Records for processing →
== Segment start ==

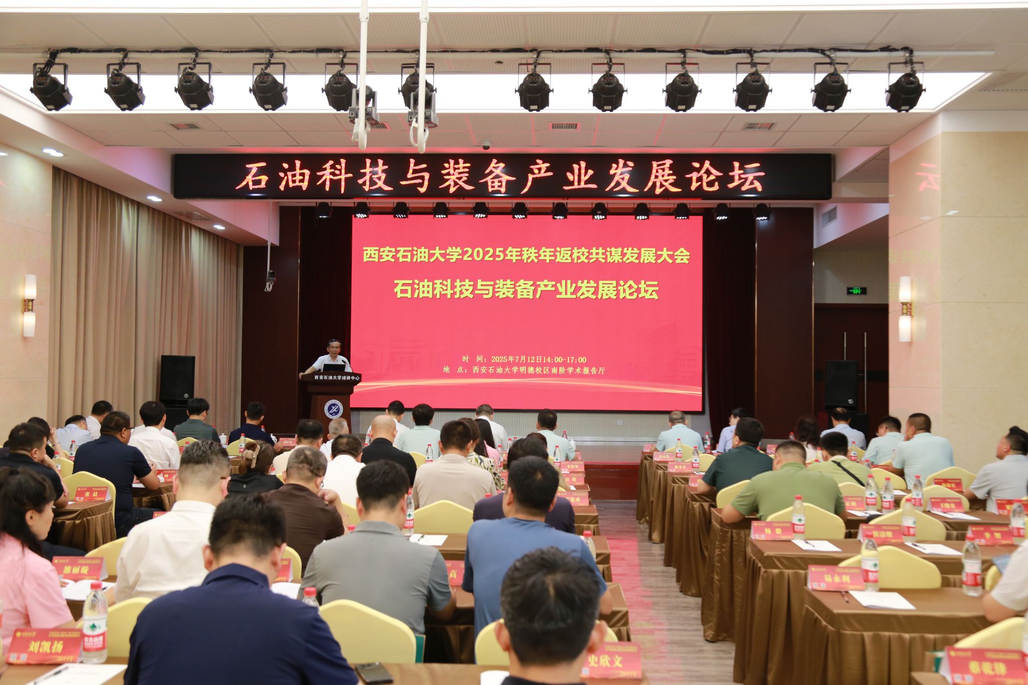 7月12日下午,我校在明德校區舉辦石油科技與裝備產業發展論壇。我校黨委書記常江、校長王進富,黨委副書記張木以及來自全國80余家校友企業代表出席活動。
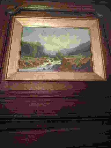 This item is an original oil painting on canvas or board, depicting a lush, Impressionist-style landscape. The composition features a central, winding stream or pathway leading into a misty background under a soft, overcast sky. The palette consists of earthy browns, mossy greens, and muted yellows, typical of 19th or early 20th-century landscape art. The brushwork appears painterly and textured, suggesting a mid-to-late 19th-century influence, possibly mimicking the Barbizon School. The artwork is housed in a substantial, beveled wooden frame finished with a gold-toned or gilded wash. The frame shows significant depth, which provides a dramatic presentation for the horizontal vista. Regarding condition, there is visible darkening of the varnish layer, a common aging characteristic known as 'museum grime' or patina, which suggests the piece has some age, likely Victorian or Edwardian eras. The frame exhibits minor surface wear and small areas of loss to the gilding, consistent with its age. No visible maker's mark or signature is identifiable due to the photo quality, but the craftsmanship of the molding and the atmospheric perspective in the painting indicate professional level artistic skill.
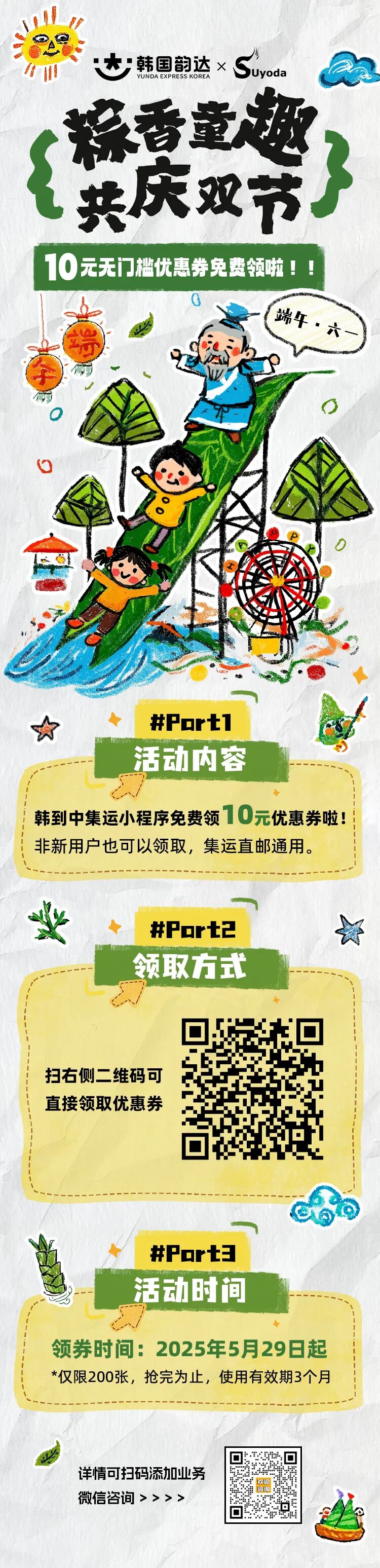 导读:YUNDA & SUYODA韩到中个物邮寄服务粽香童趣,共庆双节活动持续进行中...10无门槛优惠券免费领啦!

== Segment end ==
== Segment start ==

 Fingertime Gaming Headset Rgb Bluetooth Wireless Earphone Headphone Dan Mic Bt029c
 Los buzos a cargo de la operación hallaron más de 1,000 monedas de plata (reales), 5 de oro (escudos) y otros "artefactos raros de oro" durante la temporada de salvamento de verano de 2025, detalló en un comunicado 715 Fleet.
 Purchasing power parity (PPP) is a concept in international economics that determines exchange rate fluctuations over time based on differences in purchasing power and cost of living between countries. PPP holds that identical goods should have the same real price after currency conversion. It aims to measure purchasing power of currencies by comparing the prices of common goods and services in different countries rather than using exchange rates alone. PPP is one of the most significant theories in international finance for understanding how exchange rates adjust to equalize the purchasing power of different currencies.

== Segment end ==

Work instruction →
Set down, exactly as written above, each line from the one with "This item is" through the one with "导读:YUNDA & SUYODA韩到中个物邮寄服务粽香童趣,共庆双节活动持续进行中...10无门槛优惠券免费领啦!", and skip the pictures.

Expected answer →
 This item is an original oil painting on canvas or board, depicting a lush, Impressionist-style landscape. The composition features a central, winding stream or pathway leading into a misty background under a soft, overcast sky. The palette consists of earthy browns, mossy greens, and muted yellows, typical of 19th or early 20th-century landscape art. The brushwork appears painterly and textured, suggesting a mid-to-late 19th-century influence, possibly mimicking the Barbizon School. The artwork is housed in a substantial, beveled wooden frame finished with a gold-toned or gilded wash. The frame shows significant depth, which provides a dramatic presentation for the horizontal vista. Regarding condition, there is visible darkening of the varnish layer, a common aging characteristic known as 'museum grime' or patina, which suggests the piece has some age, likely Victorian or Edwardian eras. The frame exhibits minor surface wear and small areas of loss to the gilding, consistent with its age. No visible maker's mark or signature is identifiable due to the photo quality, but the craftsmanship of the molding and the atmospheric perspective in the painting indicate professional level artistic skill.
 导读:YUNDA & SUYODA韩到中个物邮寄服务粽香童趣,共庆双节活动持续进行中...10无门槛优惠券免费领啦!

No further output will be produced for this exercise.